> [Input data]
- Opening Delimiter -

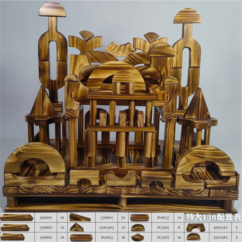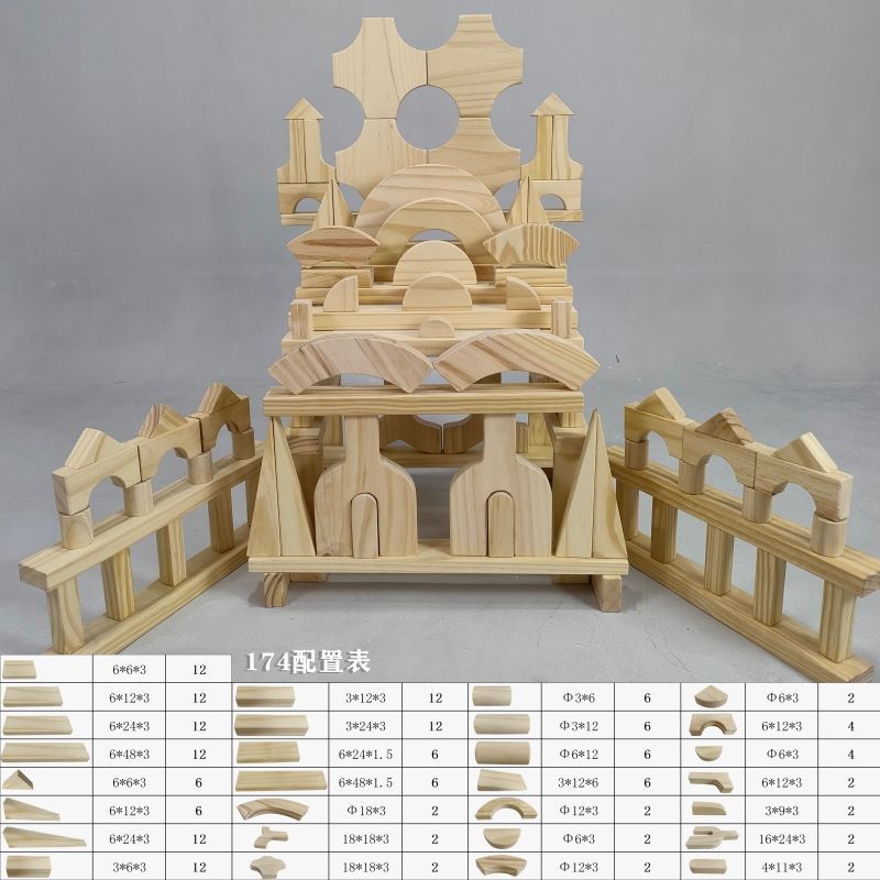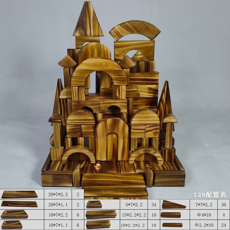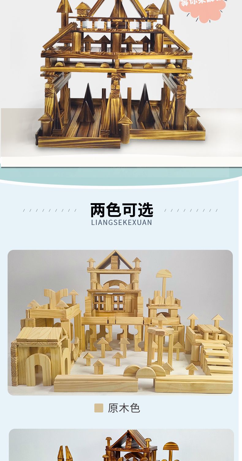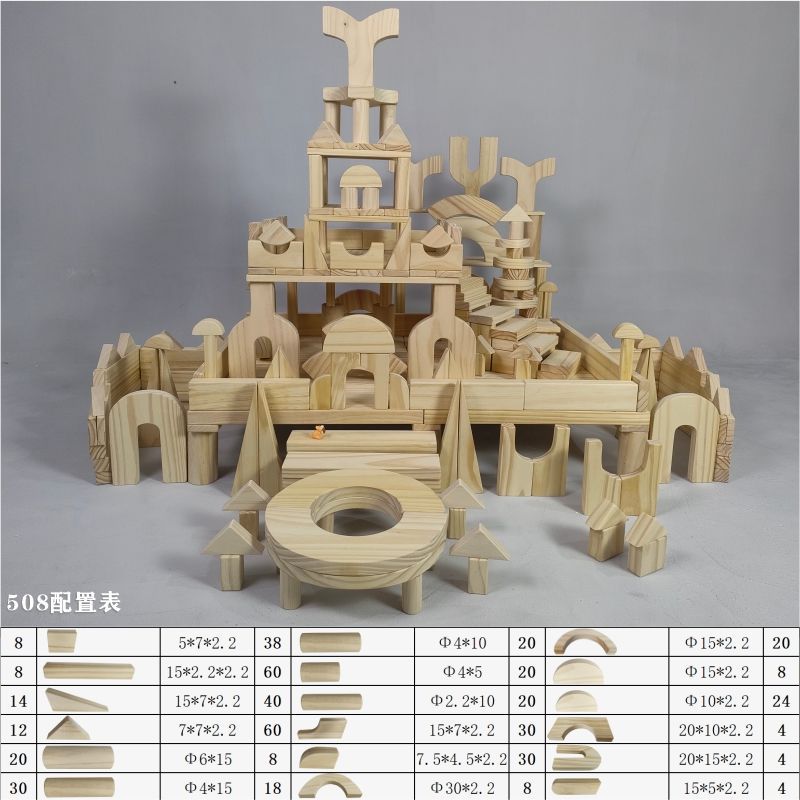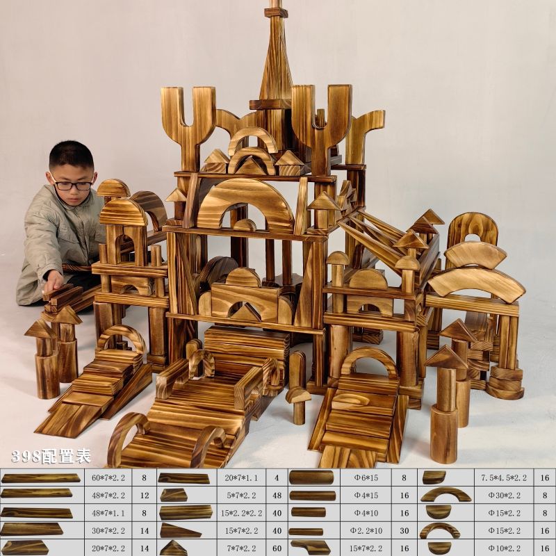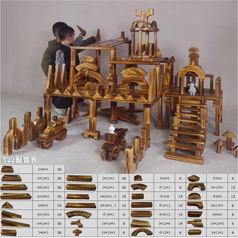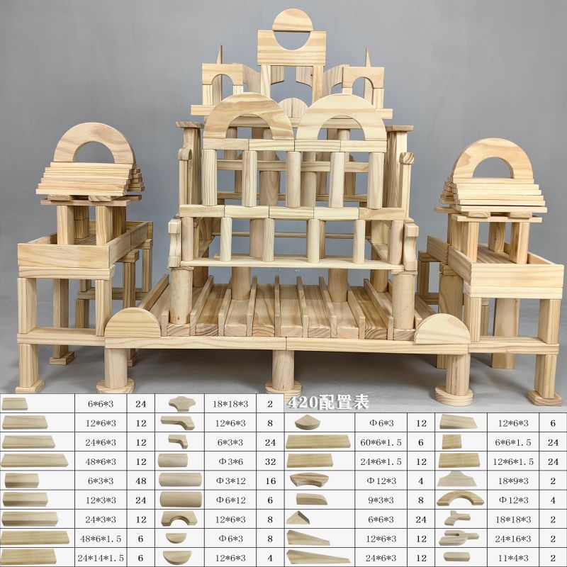 유치원 건물 블록 대형 건물 장난감 실내 및 실외 맑은 물 원래 색상 목조 건물 블록 단단한 로그 빌딩 블록
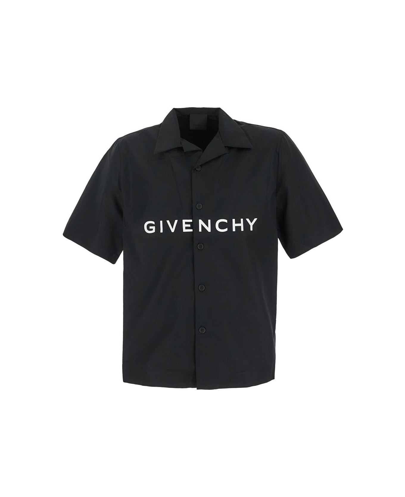 Givenchy men shirt in black cotton with white logo, short sleeves and oversize fit
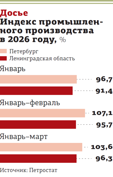 По итогам I квартала индекс промышленного производства в Петербурге прибавил 3,6%, а по итогам января–февраля рост доходил до 7,1%. Обрабатывающие отрасли при этом росли быстрее среднего по стране. Драйверами оставались радиоэлектроника, приборостроение и машиностроение, а общий объём отгрузки промышленной продукции превысил 4 трлн рублей. Однако эксперты обращают внимание на то, что на уровне отдельных предприятий и сегментов всё заметнее признаки стагнации. Ключевой вопрос не в том, есть ли рост в принципе, а в том, за счёт чего он формируется.

- Closing Delimiter -

> [What the task asks] Copy word for word each line of the data above, from the first through the one containing "Givenchy men shirt", and include no pictures.

> [Response to this exercise]
 유치원 건물 블록 대형 건물 장난감 실내 및 실외 맑은 물 원래 색상 목조 건물 블록 단단한 로그 빌딩 블록
 Givenchy men shirt in black cotton with white logo, short sleeves and oversize fit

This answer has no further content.